Survey research has repeatedly linked increased smartphone screen time to lower psychological well-being (Twenge et al., 2018). However, many have noted that smartphone use is rarely measured directly, despite objective data being readily available from devices themselves (Ellis et al., 2019; Twenge, 2019). Moreover, in recent years, concerns regarding “overuse” have led to an abundance of usage scales being created to measure new constructs, including the following: “addiction,” “nomophobia,” and ”problematic use” (Ellis, 2019; Thomée, 2018). Specifically, when using problematic smartphone use scales, research consistently links higher scores with greater mental health symptomology; however, these relationships seem to either dissipate or lessen when collecting the duration estimates of use or objective logs (Elhai et al., 2017; Harwood et al., 2014; Katevas et al., 2018; Rozgonjuk et al., 2018; Vahedi & Saiphoo, 2018). Thus, understanding when and why these inconsistencies occur remains essential.

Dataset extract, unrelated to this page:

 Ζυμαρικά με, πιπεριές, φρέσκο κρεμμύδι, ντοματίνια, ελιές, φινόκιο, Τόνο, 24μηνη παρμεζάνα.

Beyond psychological impacts associated with usage, research has also linked greater smartphone use with increased sedentary behaviors (Lepp et al., 2013; Zagalaz-Sánchez et al., 2019). Accordingly, people report that 87% of all phone use occurs while seated (Barkley & Lepp, 2016), and similarly, 90.9% of users report that they typically are sitting when using their smartphone (Xiang et al., 2020). Thus, it has been proposed that increased smartphone use lowers energy expenditure due to sedentary behaviors, and it is this mechanism, which results in greater body fat and higher rates of obesity (Hamilton et al., 2007; Kim et al., 2015). However, although 9 out of 14 articles in a recent systematic review showed a negative relationship between smartphone use and physical activity, none of the articles measured smartphone use objectively via logs from the device itself (Zagalaz-Sánchez et al., 2019). Instead, people self-reported the duration and frequency of their smartphone behaviors, which is widely documented to only have moderate correlations with actual usage (Andrews et al., 2015; Boase & Ling, 2013; Ellis et al., 2019; Kobayashi & Boase, 2012; Lee et al., 2017; Parslow et al., 2003; Vrijheid et al., 2006). Therefore, research linking physical activity or sedentary behavior to smartphone use is also scarce and yet to be examined precisely using objective logs.

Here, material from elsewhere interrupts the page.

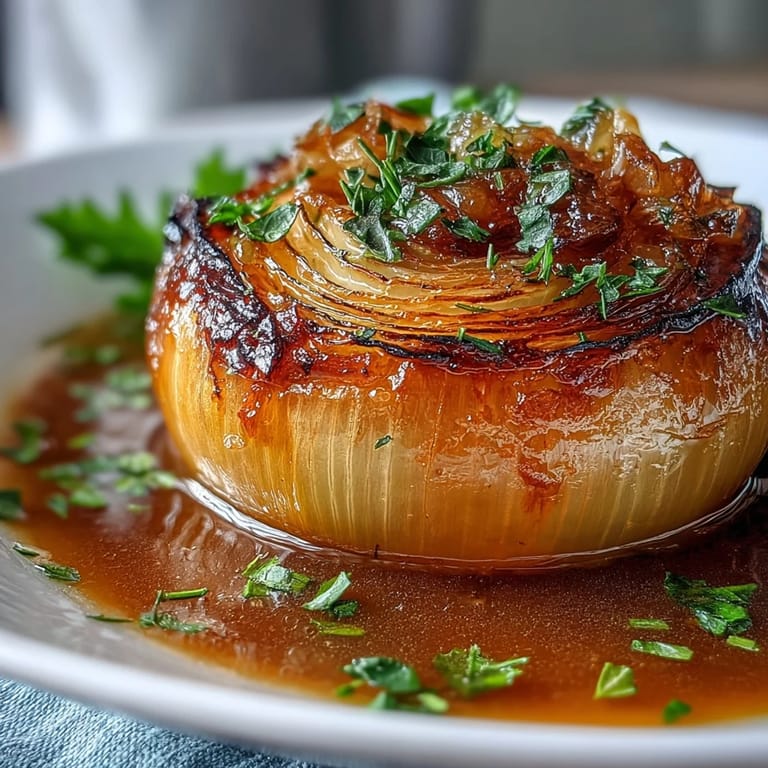 Save Pin There's something oddly meditative about watching whole onions turn glossy and golden in simmering broth, their papery skins giving way to tender layers. I stumbled onto this dish during a rainy afternoon when I wanted something warming but not heavy, and ended up creating what's become my favorite comfort bowl. The magic isn't in complexity—it's in those quiet minutes of simmering, when the kitchen fills with garlic and herb-infused steam and suddenly you realize you've been standing there just listening to the gentle bubbling.

When documenting links between smartphone use and health, nuanced approaches suggest that how users think about and appraise their own smartphone usage is uniquely related to well-being and can be considered separately from objective use of the device itself. For example, a recent study found no evidence linking objective use of social applications to momentary well-being (Johannes et al., 2019). However, they did observe that the more positively people felt about their technology-mediated interactions in the past half hour, the better they felt in the current moment (Johannes et al., 2019). In addition, when assessing email use in occupational settings, stress levels increase when a person perceives their usage to be greater or lower than desired (Stich et al., 2019). This suggests that people aim to regulate technology usage as they would with other everyday behaviors including, for example, social affiliation (O’Connor & Rosenblood, 1996). Negative or positive appraisals may be dependent on whether a person has been able to achieve their preferred amount of usage (O’Connor & Rosenblood, 1996; Stich et al., 2019). Thus, the way people perceive their smartphone usage behaviors (e.g., a belief that their use is excessive) may drive relationships with mental health that are independent from actual usage.

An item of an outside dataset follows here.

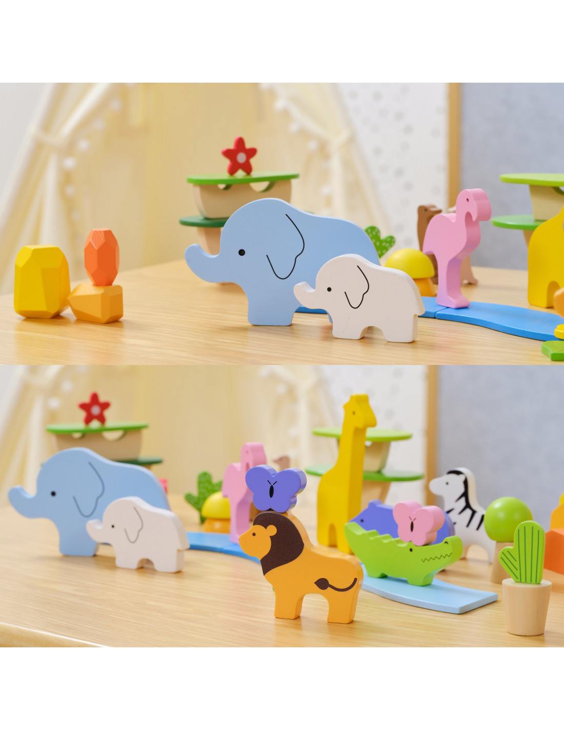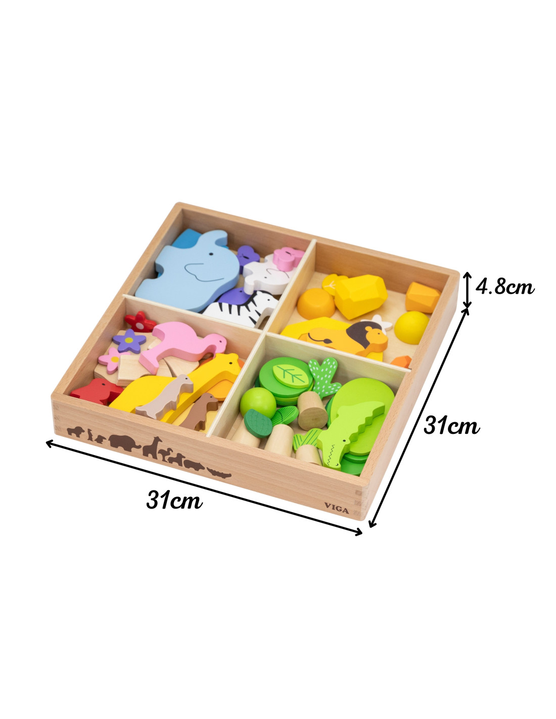 - - 55 wooden elements (tropical animal figures and environmental elements)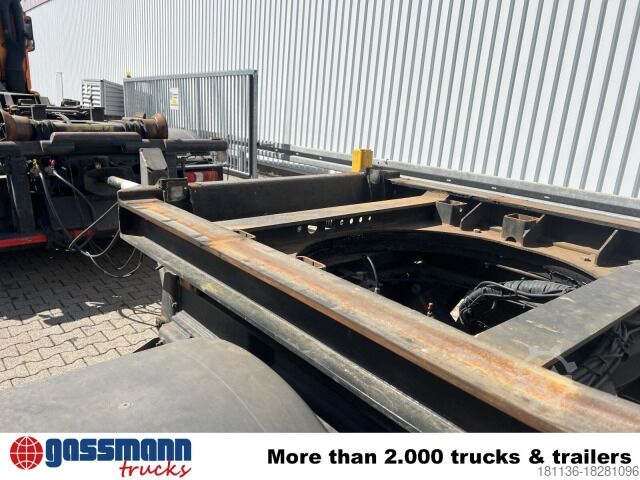 Vehicle location: Bovenden, 2 axles, BPW axles, turntable, air suspension, ABS (anti-lock braking system), container locking system, skid, U-guard, side aluminum underbody protection, twin tires, storage box.

Although there is no consensus regarding how smartphone usage or screen time should be conceptualized or measured, documenting “usage” is of interest to many (Ellis, 2019). Researchers, however, continue to conflate the measurement of smartphone usage with assessing an individual’s appraisal of use. For example, defining or measuring PSU in relation to “overuse” or “excessive use” is prevalent in many articles (Elhai & Contractor, 2018; Elhai et al., 2020; Kim, 2017; Yang et al., 2019). This has foundations in the Behavioral Addictions framework, where tolerance is a key component (e.g., the need to increase use over time to get the same “fix”) (Billieux, Maurage et al., 2015; Elhai et al., 2017; Kim, 2017). Hence, it is not surprising to find questions such as; Using my smartphone longer than I had intended and Having tried time and again to shorten my smartphone use time but failing all the time in problematic use scales (Kwon et al., 2013). However, agreeing with these statements only shows that a person is negatively appraising their smartphone use, and is not a measure of frequency or screen time in itself. Correspondingly, research that has attempted to quantify the relationship between problematic use scales and objective logs reports many small effect sizes (Ellis et al., 2019), and exploratory factor analysis research shows that PSU scores do not cross-load with factors representing actual usage (Davidson et al., 2020). This evidence already suggests that people’s appraisals of their smartphone use and actual usage should be considered separately.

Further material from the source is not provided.